Le Concile accepta définitivement le symbole suivant sur lequel est fondée la foi de l’Église catholique. Nous citons textuellement :

« Nous croyons en un Dieu, père tout-puissant, qui a fait toutes les choses visibles et invisibles, et en un Seigneur Jésus-Christ, fils unique de Dieu, engendré par le Père, c’est-à-dire de la substance du Père, Dieu de Dieu et lumière de lumière, véritable Dieu de Dieu véritable, engendré et non fait, consubstantiel au Père, par lequel toutes choses ont été faites au ciel et sur la terre, qui est descendu, s’est incarné et s’est fait homme pour nous et pour notre salut, qui a souffert, qui est ressuscité le troisième jour, qui est monté au ciel, et qui viendra juger les vivants et les morts.
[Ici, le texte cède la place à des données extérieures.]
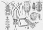 Равноногие ракообразные: 1 — водяной ослик (Asellus aquaticus); 2 — Munnopsis typica; 3 — морской таракан (Mesidothea entomon); 4 — древоточец (Limnoria lignorum); 5 — мокрица (Oniscus asellus); 6 — паразитический рачок ( Bopyroides hippolites; а — самка; б — самец); 7 — Calathura brachiata; 8 — Arcturus baffini.

Et nous croyons au Saint-Esprit. »

Puis, le Concile ajouta cette imprécation : « L’Église de Dieu, catholique et apostolique, anathématise ceux qui disent : Qu’il y avait un temps où le Fils de Dieu n’existait pas, ou qu’il n’existait pas avant d’avoir été engendré, ou qu’il a été fait de rien, ou qu’il est d’une autre substance ou essence que son Père, ou qu’il est créé et sujet au changement. »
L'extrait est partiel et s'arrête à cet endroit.